**Provided records**

::::

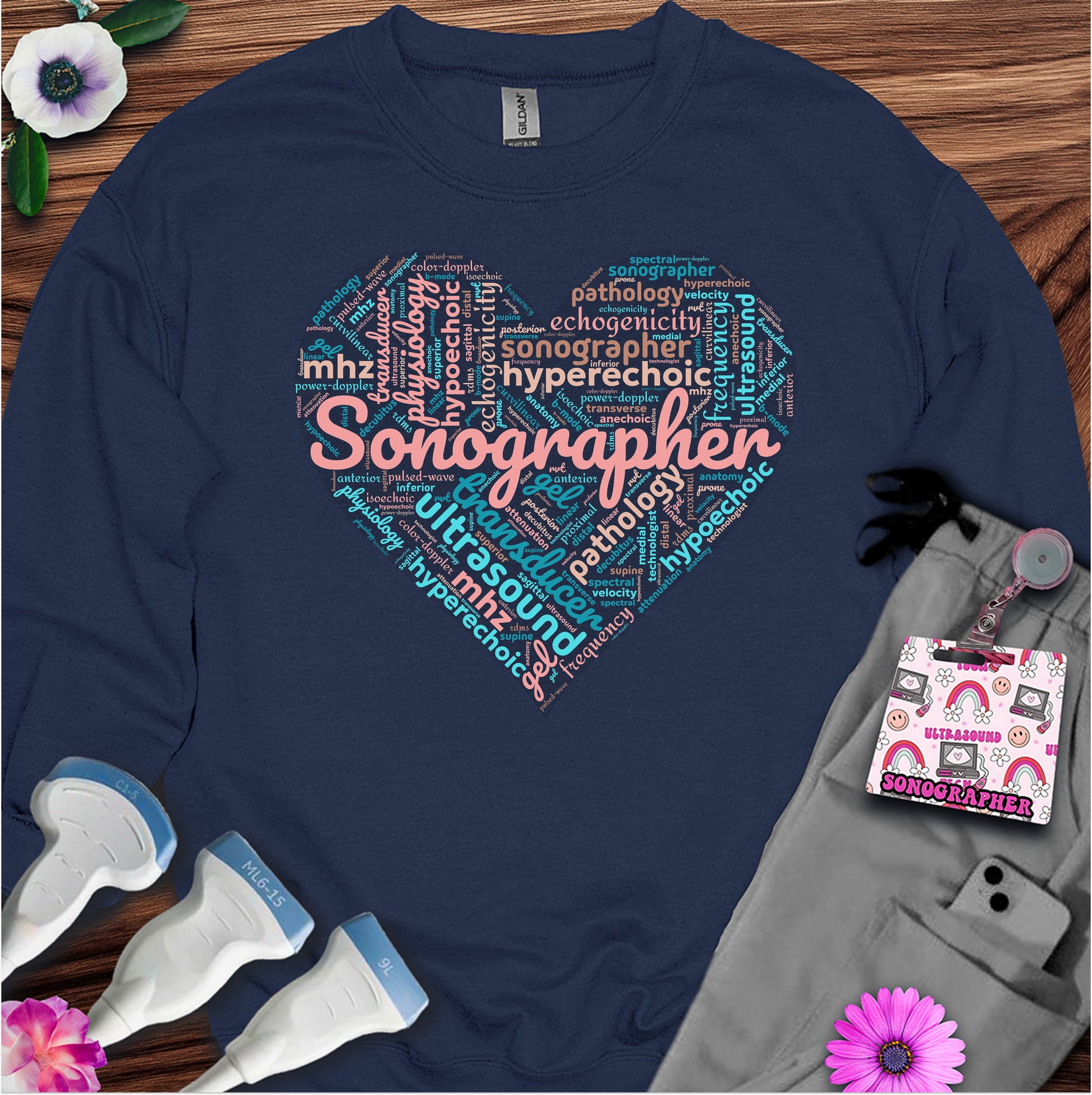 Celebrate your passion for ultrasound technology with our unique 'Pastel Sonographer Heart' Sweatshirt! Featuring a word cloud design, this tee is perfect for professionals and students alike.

::::

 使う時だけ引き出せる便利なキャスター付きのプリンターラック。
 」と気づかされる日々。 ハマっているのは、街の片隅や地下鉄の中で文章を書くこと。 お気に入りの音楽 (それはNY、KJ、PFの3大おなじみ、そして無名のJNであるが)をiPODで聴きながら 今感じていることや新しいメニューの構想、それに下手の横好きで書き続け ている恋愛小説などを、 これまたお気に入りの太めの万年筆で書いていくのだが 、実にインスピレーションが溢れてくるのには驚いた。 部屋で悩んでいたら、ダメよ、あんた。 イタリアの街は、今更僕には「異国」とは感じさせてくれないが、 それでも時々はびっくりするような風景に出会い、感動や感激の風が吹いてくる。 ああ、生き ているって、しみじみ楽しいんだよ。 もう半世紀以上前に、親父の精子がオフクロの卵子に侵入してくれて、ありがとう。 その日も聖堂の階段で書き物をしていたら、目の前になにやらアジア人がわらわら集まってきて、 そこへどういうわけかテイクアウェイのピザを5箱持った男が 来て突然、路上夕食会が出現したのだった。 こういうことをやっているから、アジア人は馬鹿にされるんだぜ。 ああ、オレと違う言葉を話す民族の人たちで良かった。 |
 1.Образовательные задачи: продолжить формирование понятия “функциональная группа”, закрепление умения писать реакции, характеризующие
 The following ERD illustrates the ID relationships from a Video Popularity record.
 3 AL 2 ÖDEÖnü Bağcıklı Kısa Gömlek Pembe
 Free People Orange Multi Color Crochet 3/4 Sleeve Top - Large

::::

**Assigned task**
Please reproduce exactly the lines in the listing above from the one containing "こういうことをやっているから、アジア人は馬鹿にされるんだぜ。 ああ、オレと違う言葉を話す民族の人たちで良かった。 |" through the one containing "Free People Orange", both included, and nothing more.

**Task solution**
 」と気づかされる日々。 ハマっているのは、街の片隅や地下鉄の中で文章を書くこと。 お気に入りの音楽 (それはNY、KJ、PFの3大おなじみ、そして無名のJNであるが)をiPODで聴きながら 今感じていることや新しいメニューの構想、それに下手の横好きで書き続け ている恋愛小説などを、 これまたお気に入りの太めの万年筆で書いていくのだが 、実にインスピレーションが溢れてくるのには驚いた。 部屋で悩んでいたら、ダメよ、あんた。 イタリアの街は、今更僕には「異国」とは感じさせてくれないが、 それでも時々はびっくりするような風景に出会い、感動や感激の風が吹いてくる。 ああ、生き ているって、しみじみ楽しいんだよ。 もう半世紀以上前に、親父の精子がオフクロの卵子に侵入してくれて、ありがとう。 その日も聖堂の階段で書き物をしていたら、目の前になにやらアジア人がわらわら集まってきて、 そこへどういうわけかテイクアウェイのピザを5箱持った男が 来て突然、路上夕食会が出現したのだった。 こういうことをやっているから、アジア人は馬鹿にされるんだぜ。 ああ、オレと違う言葉を話す民族の人たちで良かった。 |
 1.Образовательные задачи: продолжить формирование понятия “функциональная группа”, закрепление умения писать реакции, характеризующие
 The following ERD illustrates the ID relationships from a Video Popularity record.
 3 AL 2 ÖDEÖnü Bağcıklı Kısa Gömlek Pembe
 Free People Orange Multi Color Crochet 3/4 Sleeve Top - Large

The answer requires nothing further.